Embracing Large Language Models in Traffic Flow Forecasting¶
Conference: ACL 2025
arXiv: 2412.12201
Code: https://github.com/YushengZhao/LEAF
Area: Autonomous Driving
Keywords: Traffic Flow Forecasting, LLM Discriminative Ability, Graph Neural Network, Hypergraph, Ranking Loss
TL;DR¶
The LEAF framework is proposed, which utilizes a dual-branch predictor comprising a graph branch (for pair-wise relations) and a hypergraph branch (for non-pair-wise relations) to generate candidate forecasts. A frozen LLM is then employed as a selector (interpreting discriminatively rather than generatively) to choose the optimal forecast, optimizing the predictor through feedback via ranking loss, achieving SOTA on PEMS datasets.
Background & Motivation¶
Background: Traffic flow forecasting is a core challenge in Intelligent Transportation Systems (ITS). Extant mainstream approaches employ GNN/RNN/Transformer models to capture spatio-temporal dynamics. Recently, pioneering works have begun introducing LLMs into traffic forecasting.
Limitations of Prior Work: (1) Prior methods assume identical train/test distributions, yet traffic conditions undergo distribution shift due to special events, weather, or epoch-level transitions, causing performance degradation; (2) graphs only capture pair-wise relationships, whereas hypergraphs only model non-pair-wise relationships, making a single structure insufficient.
Key Challenge: The intuitive method for leveraging LLMs in traffic forecasting is to let the LLM directly "generate" forecast values.
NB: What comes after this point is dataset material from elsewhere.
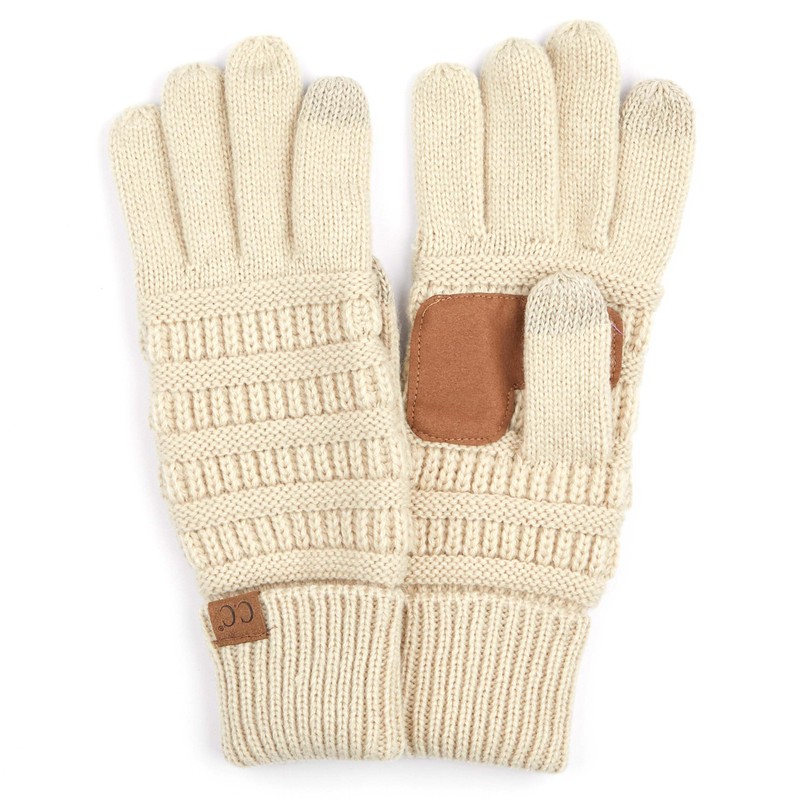 C.C Hatsandscarf CC Exclusives Women Solid Ribbed Glove with Smart Tips (G-20) (Beige)

However, traffic data encapsulates complex spatio-temporal dynamics, which is overly challenging for the generative capabilities of language models—indeed, LLM-MPE performs worse than simple GNN methods across multiple datasets.
Goal: How can one harness the generalization and reasoning capabilities of LLMs to enhance traffic flow forecasting, while avoiding having the LLM directly process complex spatio-temporal relationships?
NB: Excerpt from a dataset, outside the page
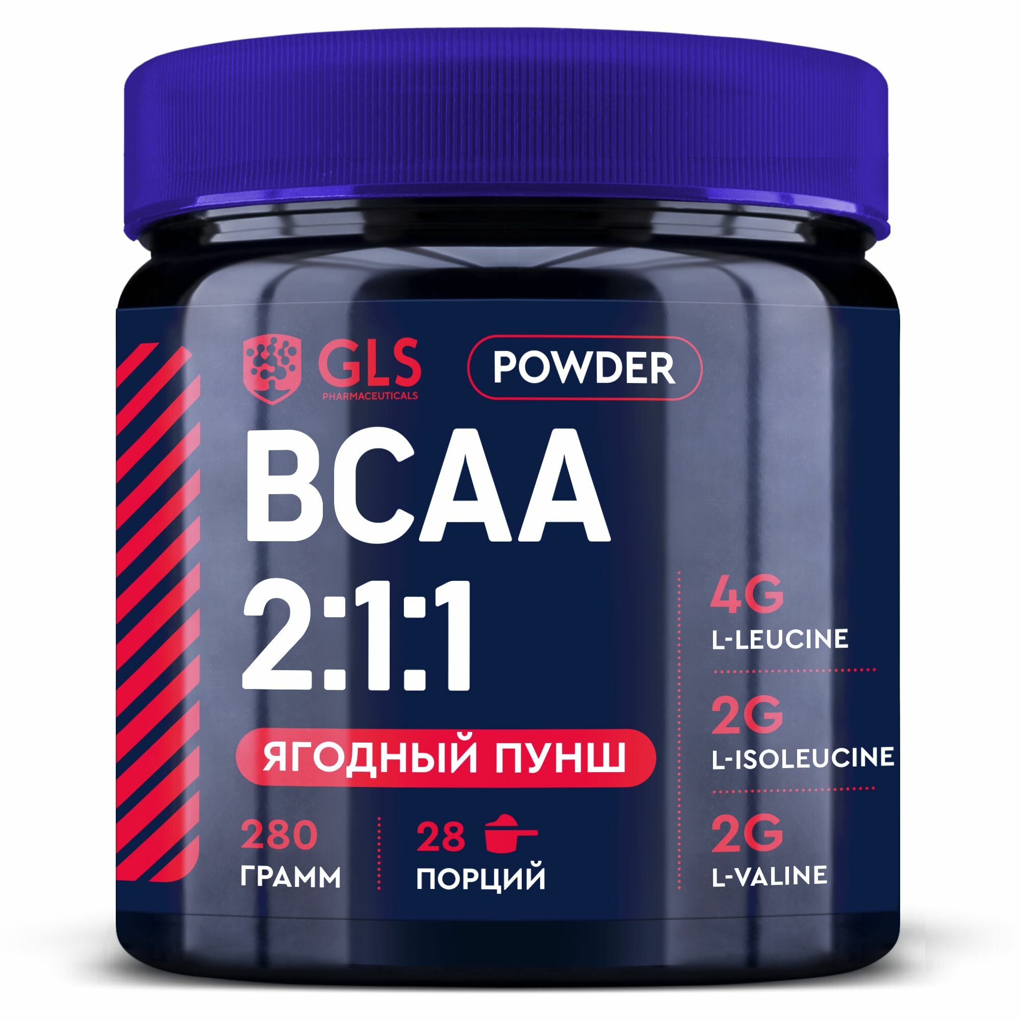 GLS Pharmaceuticals BCAA 2:1:1 аминокислоты для набора массы GLS со вкусом ягодного пунша, 280 г

Key Insight: Instead of utilizing the "generative capability" of the LLM, this work leverages its "discriminative capability"—allowing the LLM to select the most plausible forecast from multiple candidates.
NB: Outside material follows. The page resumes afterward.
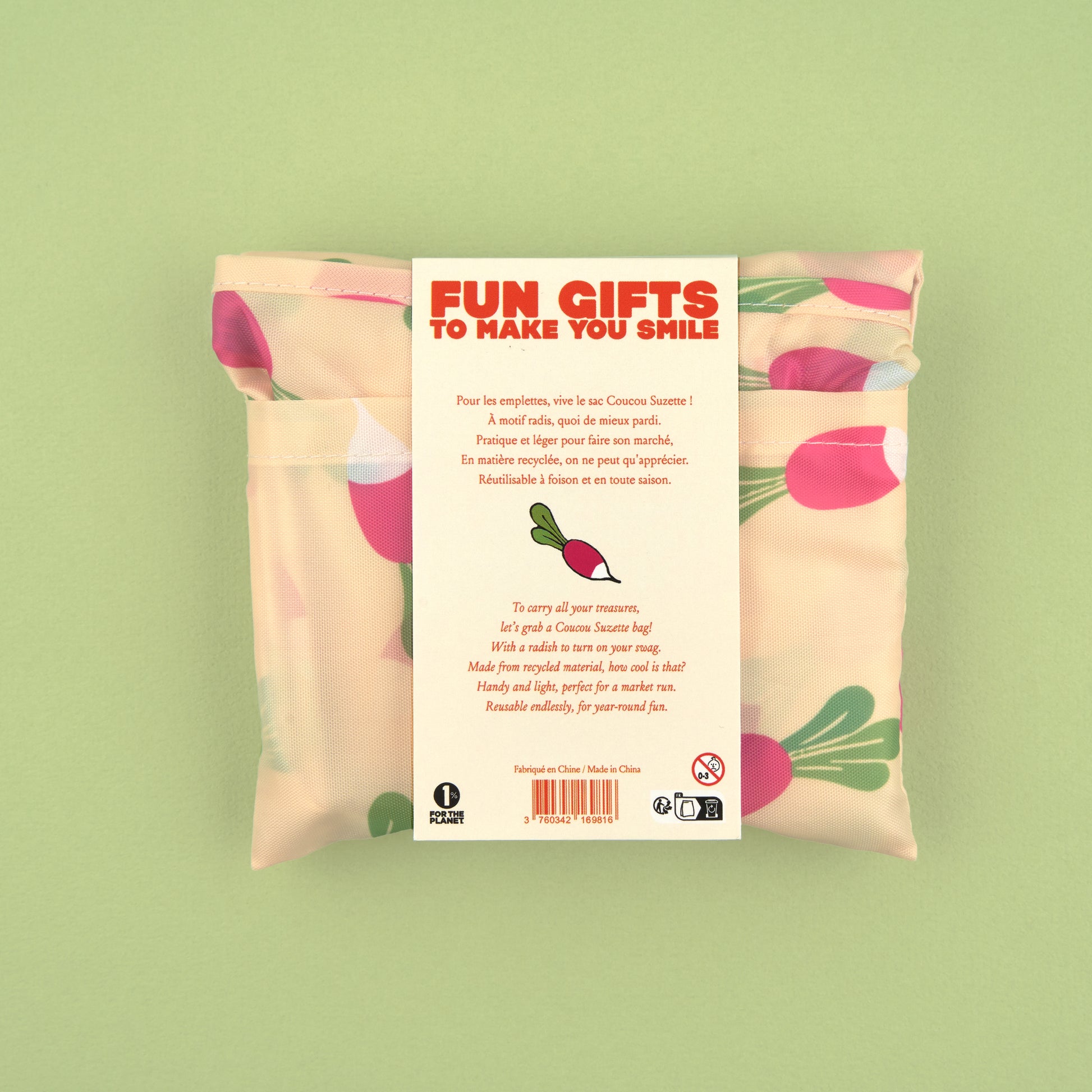 Here’s the little gem that’s about to change your everyday outings: the Coucou Suzette reusable bag! Light as a feather, endlessly reusable, and foldable in a flash, it slips easily into a fanny pack, a purse, or even a jacket pocket, ready to save the day at that crucial moment (“A plastic bag for 20 cents?” – “No thanks!”). We’re obsessed with its super sturdy recycled fabric that carries your weekly groceries like a champ. And of course, it proudly shows off our signature radish print – because being eco-friendly doesn’t mean being boring.

Core Idea: Generate candidate forecasts using traditional spatio-temporal models, employ an LLM as a selector, and adopt ranking loss based on the selection feedback to train the predictor.
Method¶
Overall Architecture¶
LEAF consists of two parts: (1) a dual-branch predictor—where the graph branch captures pair-wise spatio-temporal relationships and the hypergraph branch models non-pair-wise relationships; (2) an LLM-based selector—where a frozen LLaMA 3 70B selects the optimal prediction from a candidate set. Workflow: pre-train the dual branches \(\rightarrow\) generate forecasts during testing \(\rightarrow\) construct candidate outputs (with transformations) \(\rightarrow\) select using the LLM \(\rightarrow\) fine-tune the predictor via ranking loss \(\rightarrow\) iterate.
Key Designs¶
-
Spatio-Temporal Graph Construction and Graph Branch:
- Function: Expands \(T \times N\) spatio-temporal data into a spatio-temporal graph, using GCNs to capture pair-wise spatio-temporal relationships.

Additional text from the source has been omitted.